After completing his prison term, Hai remained in detention while authorities investigated new anti-state charges related specifically to his online journalism. On September 24, 2012, a criminal court sentenced Hai to 12 years in prison and five years’ house arrest under Article 88 of the penal code, a vague law that bars “conducting propaganda” against the state. An appellate court upheld his sentence on December 28, 2012.

Hai was an outspoken commentator on his political blog Dieu Cay (The Peasant’s Pipe) and on the website of the unsanctioned Free Journalists Club, which he co-founded with two other bloggers. (Co-founders Phan Thanh Hai and Ta Phong Tan were also tried and convicted in September 2012.)

Several of Hai’s blog entries had touched on politically sensitive issues, including national protests against China, Vietnam’s sovereignty dispute with China over the nearby Spratly and Paracel islands, and government corruption.

Court President Nguyen Phi Long said in his verdict that Hai and the other two bloggers had “abused the popularity of the Internet to post articles which undermined and blackened Vietnam’s (leaders), criticizing the (Communist) party (and) destroying people’s trust in the state,” according to an Agence France-Presse report.

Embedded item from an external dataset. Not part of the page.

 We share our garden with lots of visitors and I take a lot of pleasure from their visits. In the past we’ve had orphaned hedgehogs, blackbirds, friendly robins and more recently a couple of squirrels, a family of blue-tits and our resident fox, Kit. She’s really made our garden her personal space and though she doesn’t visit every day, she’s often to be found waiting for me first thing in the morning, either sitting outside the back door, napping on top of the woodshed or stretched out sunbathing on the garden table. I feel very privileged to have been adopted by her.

The one-day trial was plagued with procedural irregularities, according to the Observatory for the Protection of Human Rights Defenders, a joint reporting program of international human rights groups. The observatory reported that the court cut off the microphone when Hai spoke to defend himself and that his lawyer was barred from calling any witnesses.

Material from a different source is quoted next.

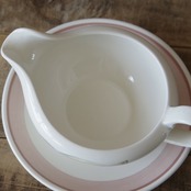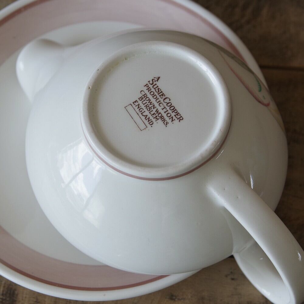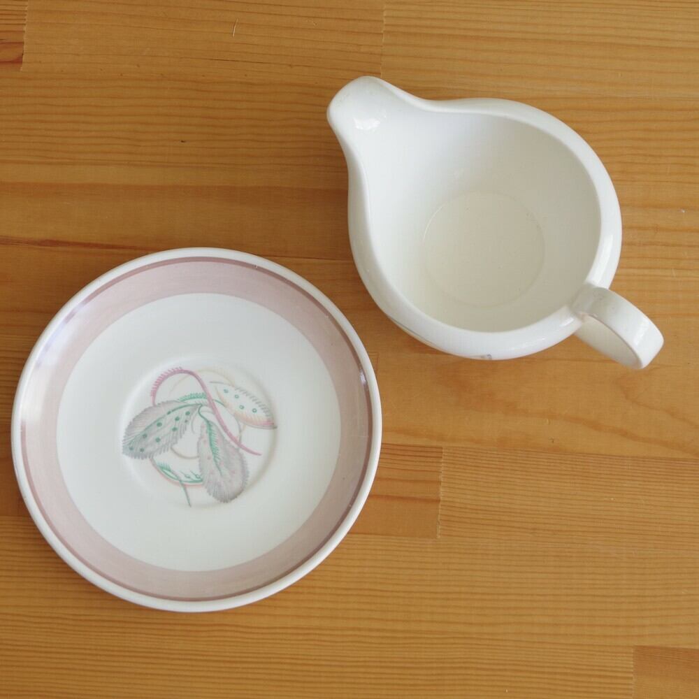 ヴィンテージ食器 スージークーパー ピンク 羽根模様 ソースピッチャー #190814 レトロ ソーサー付き 陶器 Susie Cooper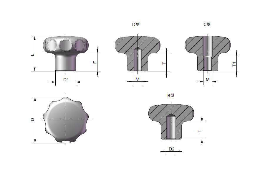 | T50B-D50-M10-D | 50 | 22.5 | m10 | 20 | 20 | Гайка | 1 | СУС304 | Download |

Hai has been frequently moved between far-flung prison facilities without his family being told. In February 2013, he was transferred from northern Binh Duong province’s Bo La prison to southern Ba Ria-Vung Tau province’s Xuyen Moc prison camp. On April 26, 2013, he was transferred again to central Nghe An province’s Thanh Chuong District Prison No. 6. The frequent moves have limited his family’s ability to deliver essential medicines for his declining health, including symptoms related to hypertension.

On June 23, 2013, Hai began waging a hunger strike after prison authorities tried to force him to sign an admission of guilt for the anti-state offenses for which he was convicted. He was placed in solitary confinement when he refused to sign the confession. His family said he was barely recognizable and could not walk or talk during a five-minute prison visit on July 20, 2013. He ended his strike on July 27, 2013, after the highest government prosecutor’s office agreed to investigate a petition he filed about alleged widespread prison abuses, according to Radio Free Asia.

Hai was bestowed CPJ’s International Press Freedom Award in 2013.